Wow.. love the plant job. If this is your first then I definately bow to you. Most people hate their first setup. I know your making me hate mine even worse now! I just planted my first today. LOL. Gonna have to do some rearranging tommorow I guess.


----------



## profjunk (Jun 23, 2010)

i concur with the rest and think its a great looking "section"of your own rain forest , ready to be inhabited
jeff in anaheim


----------



## every1lovesjojo (Jan 30, 2011)

I wish I had more room for more plants! I'm becoming addicted to this hobby. I'm still trying to decide what kinds of frogs to add.


----------



## VenomR00 (Apr 23, 2010)

With the way that tank looks I would say go with Leuc's or a Galact. Both will love exploring and climbing and can USUALLY be kept communally.


----------



## every1lovesjojo (Jan 30, 2011)

I was thinking Leucs as well. Are there any good places in Tucson or resources for dart frogs?


----------



## slipperheads (Oct 17, 2007)

Really nicely planted tank, if the broms are planted in the substrate though they will kiss you goodbye pretty soon!


----------



## Azurel (Aug 5, 2010)

Great looking viv.....Picking plants and planting is almost as much fun as the frogs.....I wasn't ever a big plant person till I got in the hobby....Now I can't look at a plant or walk by the plant section without stopping.

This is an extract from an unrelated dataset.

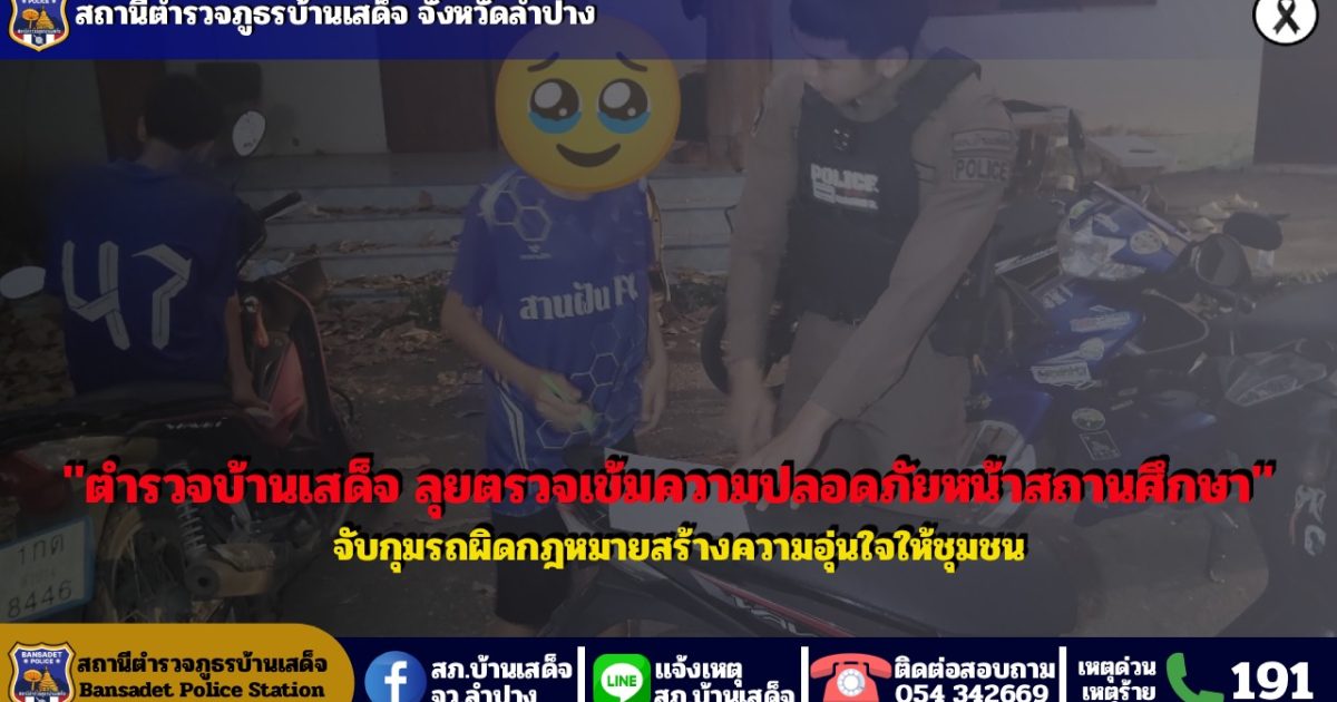 เมื่อวันที่ 3 มีนาคม 2569 เวลา 18.30 น. ที่ผ่านมาโดยการอำนวยการสั่งการของ พ.ต.อ.ชวลิต จินดารัตน์ ผกก.สภ.บ้านเสด็จ , พ.ต.ท.พงษ์ศิลป์ ธนะภาษี รอง ผกก.ป.ฯ , ว่าที่ พ.ต.ต.นพ พึ่งศรี สวป.ฯ มอบหมายให้ ด.ต.ชาติ บุญสมปาน ผบ.หมู่ (ป.)ฯ รักษาการร้อยเวร 20 พร้อมสายตรวจ 201 ว.4 ดำเนินการตามมาตรการระดมกวาดล้างจับกุมรถที่ผิดกฎหมาย มีการเปลี่ยนแปลงสภาพรถ และกวดขันวินัยจราจรแก่ผู้ขับขี่ที่ไม่ปฏิบัติตามกฎหมาย ณ บริเวณโรงเรียนบ้านทรายทอง ม.3 ต.บ้านเสด็จ อ.เมืองลำปาง จ.ลำปาง ผลการปฏิบัติได้ตรวจยึดรถผิดกฎหมาย ไม่ติดแผ่นป้ายทะเบียนจำนวน 1 คัน และได้นำส่งพนักงานสอบสวน สภ.บ้านเสด็จ ดำเนินการในส่วนที่เกี่ยวข้องต่อไป

Any frog you choose will look great in there.


----------



## every1lovesjojo (Jan 30, 2011)

This hobby has become an obsession. Looking for the right plants is a lot of fun. It's amazing to see just how fast they grow. The vine in the upper right hand corner has grown like a weed since I took the pic.


----------



## dmartin72 (Oct 27, 2004)

Post an updated pic...I'd love to see some growth with all that light.

David


----------



## dmartin72 (Oct 27, 2004)

Post an updated pic...I'd love to see some growth with all that light.

David


----------